HIV physicians on Medicaid expansion — echoed by Gov. Kasich of Ohio

As the General Assembly works out the last details of the “No NC Insurance Exchange – No Medicaid Expansion” bill (aka, “Just say no to Obamacare”), several North Carolina HIV doctors have been speaking out.  Two UNC physicians, both professors and researchers, have opinion pieces this week.  And far away in Ohio, Governor Kasich sounds the same note.

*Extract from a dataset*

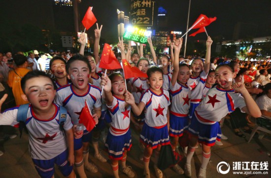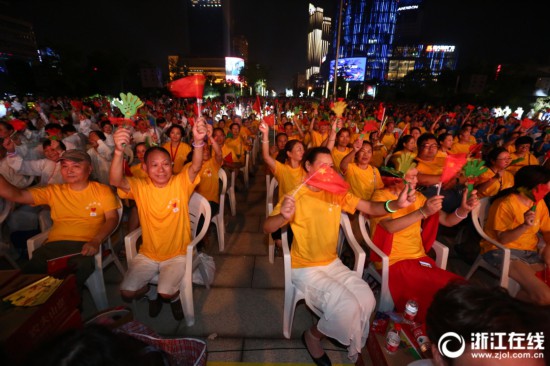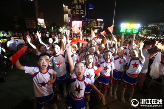 9月2日晚,數千市民齊聚杭州下城區武林廣場收看雅加達亞運閉幕式。當“杭州八分鐘”文藝表演在閉幕式上精彩上演時,人群中爆發出陣陣歡呼聲,喜迎亞運會進入 “杭州時間”。

Dr. Charles Vanderhorst returned from treating HIV patients in Africa to find the Medicaid expansion-killing bill well on the way to enactment.  His op ed in the Tuesday, February 17 Raleigh News & Observer was aptly titled Shutting the doctor’s door in tarheel faces.

As a clinical AIDS researcher in South Africa and Malawi, I know firsthand what it looks like when societies with over-burdened health systems can’t provide basic care for their citizens. And yet when I arrived back in North Carolina this month, I was shocked to learn that leaders in our own state are now doing everything in their power to take us down those same catastrophic paths.

By willfully rejecting an expansion of Medicaid for thousands of hard-working North Carolina families, Gov. Pat McCrory is relegating many of them to the same fate as many of my patients in Africa – dying needlessly for the simple lack of appropriate preventative care.

Dr. Vanderhorst’s colleague, Dr. Adaora A. Adimora spoke out in yesterday’s Charlotte Observer.  Dr. Adimora is a professor of Medicine at UNC and also vice chair of the HIV Medicine Association, a national organization working on HIV policy issues. Like Dr. Vanderhorst, Dr. Adimora notes North Carolina’s low national health rankings as one reason for expanding Medicaid.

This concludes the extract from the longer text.